Romania
Romania’s political crisis is over, at least for the time being. The previous government, a coalition between the centre-right PNL and the centrist-reformist USR, fell two months ago on a vote of no confidence after the USR withdrew its support. USR leader Dacian Cioloș was then nominated as prime minister, but he was also rejected by parliament.
President Klaus Iohannis, who is aligned with the PNL, then nominated PNL defence minister Nicolae Ciucă. He gave up the attempt to form a minority government at the beginning of last month. A period of negotiations followed, which ended with an agreement between the PNL and the main opposition party, the Social Democrats, providing for a unity government with the prime ministership to rotate between them.
Ciucă was then reappointed, and with the support of the Social Democrats plus the Hungarian minority party, UDMR, he won confirmation in a joint sitting of parliament by a large majority, 318 to 126. A group of MPs loyal to former prime minister Ludovic Orban broke away from the PNL to vote against the new government.
The plan is that Ciucă will give way to a Social Democrat prime minister in the middle of 2023, but a lot could happen before then.
Sweden
A resolution also in Sweden, where Social Democrat Magdalena Andersson, after a false start last month, has been confirmed as the country’s first female prime minister.
Andersson took over the coalition with the Greens from her predecessor as party leader, Stefan Löfven. But when parliament rejected the government’s budget in favor of the one presented by the centre-right opposition, the Greens pulled out, leading Andersson to resign before she had even been sworn in.
The underlying parliamentary arithmetic, however, hadn’t changed. Four parties – Social Democrats, Greens, Left and Centre – have a narrow majority between them.
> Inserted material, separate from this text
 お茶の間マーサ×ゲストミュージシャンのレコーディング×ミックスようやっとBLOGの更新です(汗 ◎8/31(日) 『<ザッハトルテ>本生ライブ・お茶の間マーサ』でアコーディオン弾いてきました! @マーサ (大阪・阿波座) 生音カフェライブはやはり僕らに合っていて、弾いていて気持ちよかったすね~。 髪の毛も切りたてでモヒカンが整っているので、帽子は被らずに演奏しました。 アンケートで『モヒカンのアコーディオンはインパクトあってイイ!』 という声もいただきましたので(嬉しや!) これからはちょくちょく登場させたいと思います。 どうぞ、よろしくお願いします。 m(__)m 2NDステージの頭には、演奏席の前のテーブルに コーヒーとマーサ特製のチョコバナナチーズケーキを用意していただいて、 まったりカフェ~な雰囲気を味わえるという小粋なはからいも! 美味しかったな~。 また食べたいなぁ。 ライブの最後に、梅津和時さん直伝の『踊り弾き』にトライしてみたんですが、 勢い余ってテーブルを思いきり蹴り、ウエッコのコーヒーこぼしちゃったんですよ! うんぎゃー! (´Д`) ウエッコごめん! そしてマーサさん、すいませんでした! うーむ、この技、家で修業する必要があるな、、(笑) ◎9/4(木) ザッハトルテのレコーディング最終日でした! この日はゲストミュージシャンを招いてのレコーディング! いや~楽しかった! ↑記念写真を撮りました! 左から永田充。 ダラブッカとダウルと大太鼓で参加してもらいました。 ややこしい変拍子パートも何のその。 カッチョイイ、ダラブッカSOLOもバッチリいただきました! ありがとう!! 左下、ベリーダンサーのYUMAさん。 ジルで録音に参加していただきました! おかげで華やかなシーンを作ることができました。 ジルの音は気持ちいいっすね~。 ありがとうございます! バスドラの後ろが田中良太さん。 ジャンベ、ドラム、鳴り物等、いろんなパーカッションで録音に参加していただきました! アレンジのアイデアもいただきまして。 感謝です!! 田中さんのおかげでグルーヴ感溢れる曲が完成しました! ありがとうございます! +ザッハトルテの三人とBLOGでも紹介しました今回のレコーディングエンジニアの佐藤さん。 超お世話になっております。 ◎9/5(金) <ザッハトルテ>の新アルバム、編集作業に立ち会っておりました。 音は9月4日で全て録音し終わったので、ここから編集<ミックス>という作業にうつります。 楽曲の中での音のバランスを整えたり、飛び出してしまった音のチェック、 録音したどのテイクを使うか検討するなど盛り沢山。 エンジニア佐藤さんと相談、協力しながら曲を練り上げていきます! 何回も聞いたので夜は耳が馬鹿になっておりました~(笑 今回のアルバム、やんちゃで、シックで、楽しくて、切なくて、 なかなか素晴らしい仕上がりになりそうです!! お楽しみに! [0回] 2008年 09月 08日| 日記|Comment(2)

They have some major differences, and every now and then one of them rebels (as Centre did over the budget, and as Left did earlier in the year over rent control). But ultimately they have a common interest in sticking together.
So when Andersson reconstituted the government just with ministers from her own party, she succeeded in winning parliamentary approval. Needing 175 votes to veto her appointment, the opposition could only muster 173. Now the government can focus on rebuilding its standing in advance of the election scheduled for next September.
Honduras
Honduras held its presidential and congressional elections two weeks ago (see earlier report here). It was a very slow count, and the official results still only show 98.9% counted, but the result was not in doubt. The left’s Xiomara Castro has 50.7%, almost 480,000 votes clear of the right’s Nasry Asfura on 36.5%.
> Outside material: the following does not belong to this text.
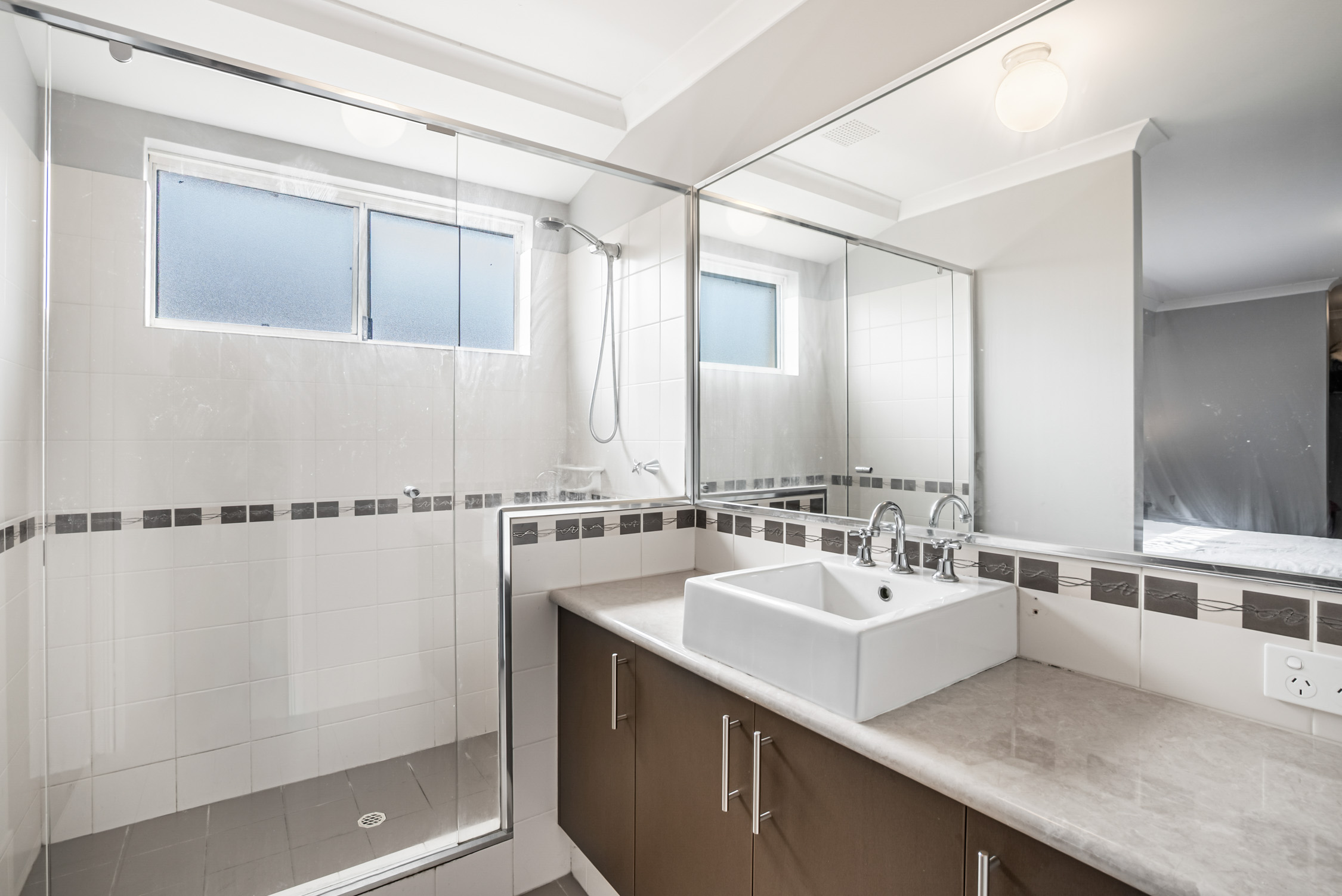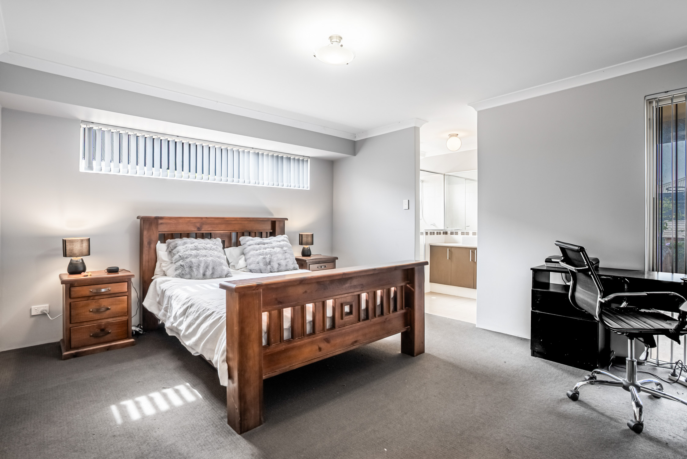 • Master bedroom with private ensuite, raised basin, and built-in study or office nook

That’s not quite as big as the margin from early in the count, when she led by nearly twenty points, and at one stage last week she dipped below 50%. But that doesn’t matter: only a plurality is required, and Asfura conceded defeat two days after the poll. Centrist Yani Rosenthal took third place with 10.0%, while the remaining twelve candidates could manage only 2.9% between them.
Counting for the legislature seems to be still incomplete, but projections at Wikipedia give the left 50 of the 128 seats, as against 43 right, 23 centre, ten populists and two others.
Gambia
Gambia (also “The Gambia”), a very small country in west Africa, came into the news five years ago when its long-serving authoritarian president, Yahya Jammeh, unexpectedly lost an election. After initially conceding defeat, he then changed his mind and tried to hang on, but he eventually fled into exile (where he remains) after neighboring countries marshalled troops to intervene.
The man who beat him, Adama Barrow, was up for re-election on 4 December. During his term in office, the diverse coalition opposed to Jammeh has split, and Barrow has aligned with an anti-Jammeh faction of the old ruling party. But voters didn’t seem to mind, electing him for a second term with 53.2% of the vote against 27.7% for his main opponent, Ousainou Darboe of the United Democratic Party. Another four candidates shared the remaining 19.1%.
The opposition claimed foul play, but international observers reported no major problems. Literacy is not high in Gambia, so people vote by placing marbles in urns – a very secure system, and a nice throwback to the origins of democracy in ancient Greece, where pebbles (“psephos”, hence psephology) were used for the purpose.